Emily Falk
๐ค SpeakerAppearances Over Time
Podcast Appearances
So if we're on a team where we never give each other feedback, and then all of a sudden I come to you and I say, Shankar, I've got some feedback for you, it might loom very large or massive.
really elicit defensiveness in a bigger way than if we have the norm that at the beginning of our meetings, we check in about things that are going well and places where we want to potentially make changes.
And so the kind of context setup, I think, is important that Laura Lee's story reflects.
And then in terms of the words that we use, there's broader kind of categories, I think, psychologically.
So we've talked a lot about how taking a step back, getting some psychological distance can be helpful.
And there's a lot of research about how stories help reduce defensiveness.
So that's not at the word level, but rather the kind of packaging of information.
And both the psychology and neuroscience literature highlight that.
how powerful stories can be in helping people learn lessons or see things from a new perspective without getting defensive, and also the anthropology literature.
So, for example, a lot of cultures around the world use stories as a way to give feedback to kids or to other people about how we should behave.
In our brains, stories are processed differently than other kinds of information.
So they tap into brain regions that help us think about what other people think and feel, for example.
And they seem to circumvent the kind of defensive processing that comes, as you said, if you just directly tell somebody to change their behavior.
And we've seen this in lots of different examples.

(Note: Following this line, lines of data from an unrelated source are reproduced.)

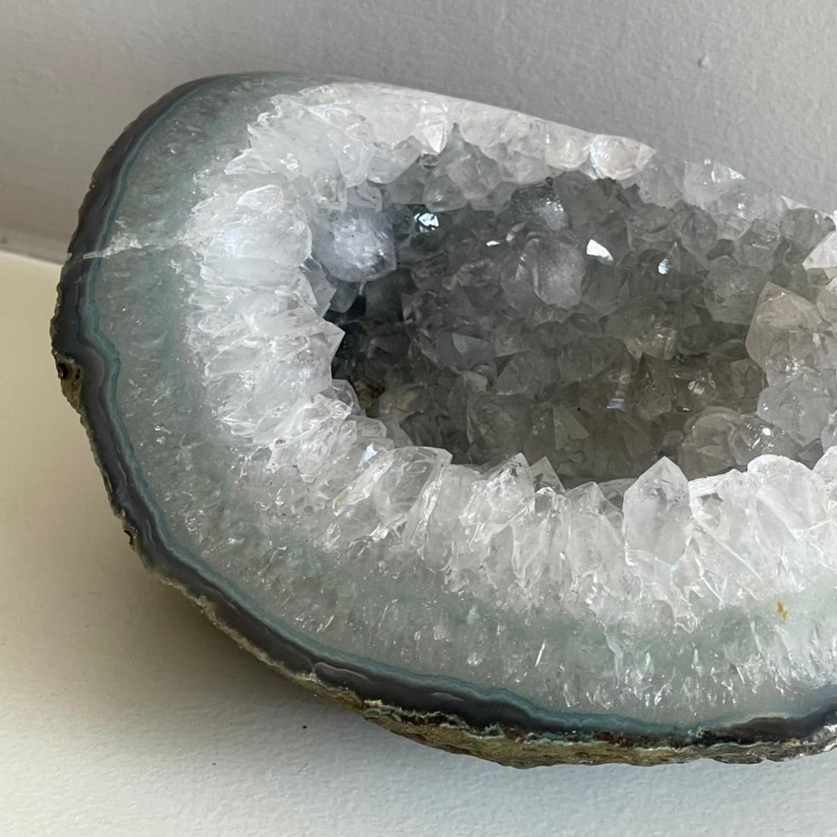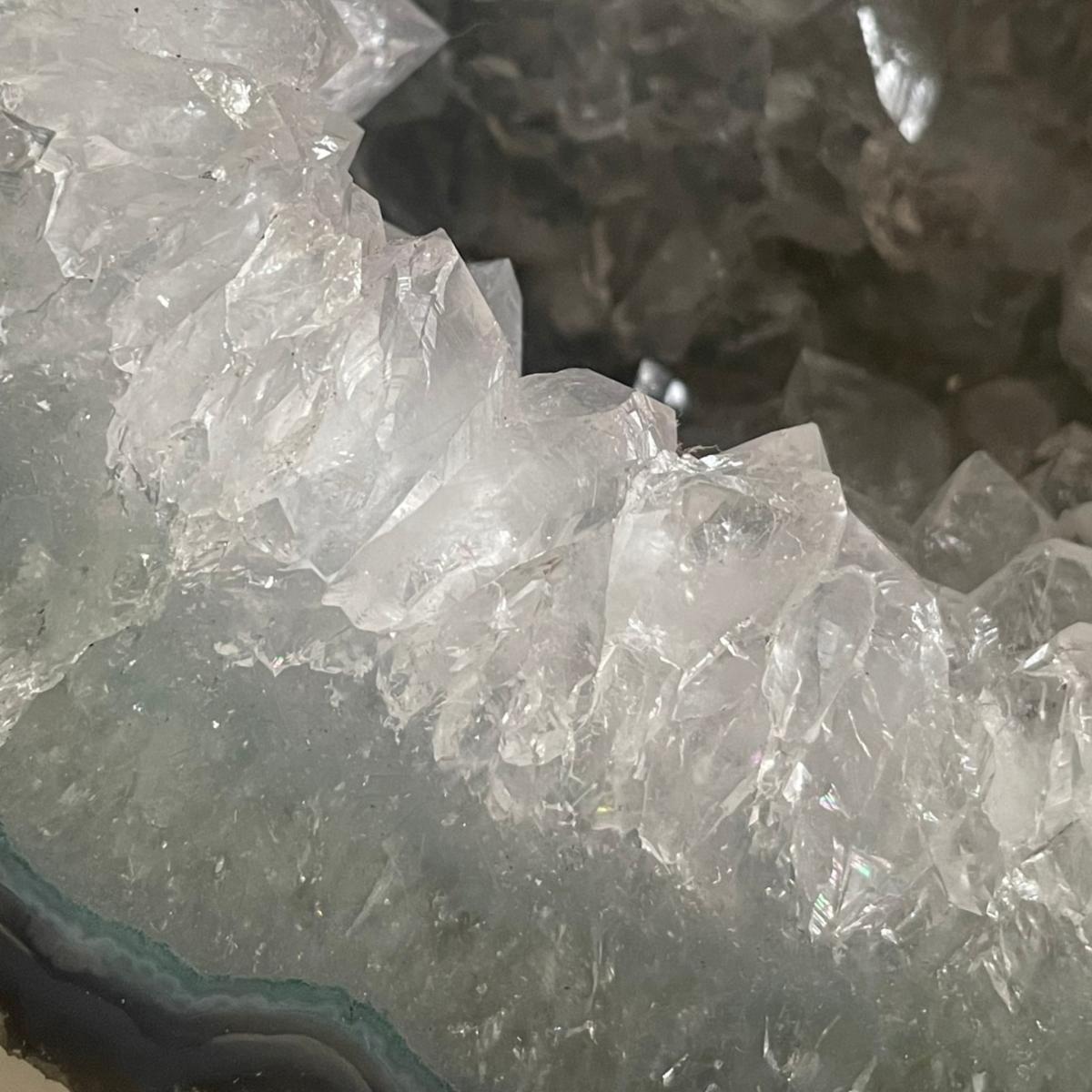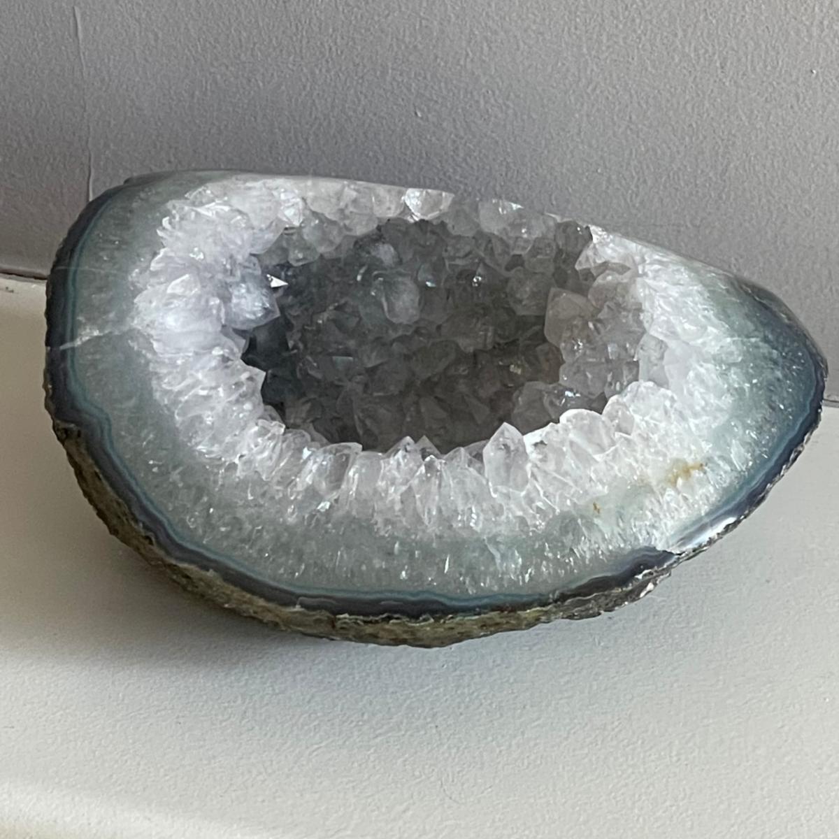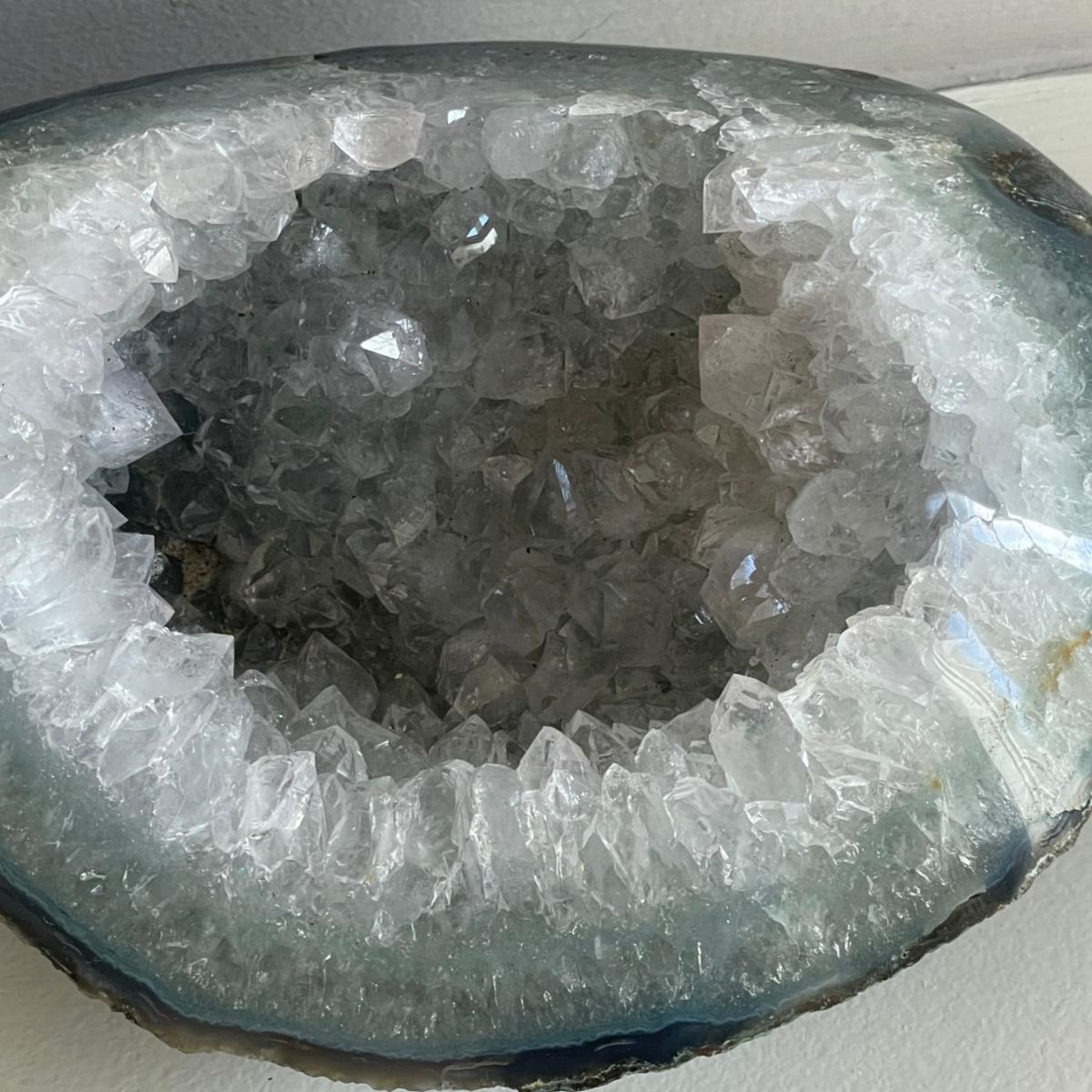 Agate is an excellent stone for rebalancing and harmonising body, mind and spirit. It cleanses and stabilises the aura, eliminating and transforming negativity. Agate enhances mental function, improving concentration, perception and analytical abilities. It soothes and calms, healing inner anger or tension and creates a sense of security and safety. You can use these healing crystal in your meditation practice, crystal grids, altar, during prayer, for rituals, and in reiki healing, housewarming. It is also a great gift idea. Agate enhances mental function, improving concentration, perception and analytical abilities. Chakra: All Size: 20cm length x 17cm width Weight: 2.65kg Origin: Rio Grande do Sul, Brazil
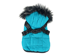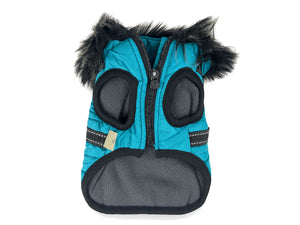 Blauer Wintermantel für Hunde mit Fellkapuze und integriertem Geschirr
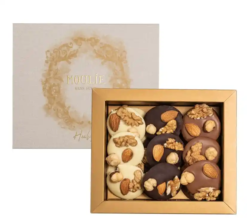 Base de chocolate belga sin azúcar con mix de frutos secos. La caja contiene un surtido de chocolate de leche, blanco y amargo

During the COVID pandemic, for example, my team did some research looking at people's willingness to help others in their community or change their behavior.
And what we found was that when the same exact information was delivered just in terms of facts, you know, the number of people who are being affected and how frontline health care workers were suffering because of the behaviors that we were engaging in,
that landed differently than when the exact same information was delivered through stories, for example, of frontline health workers or people who were incarcerated, people whose circumstances made it so that they couldn't take the kinds of preventative actions for the spread of the virus.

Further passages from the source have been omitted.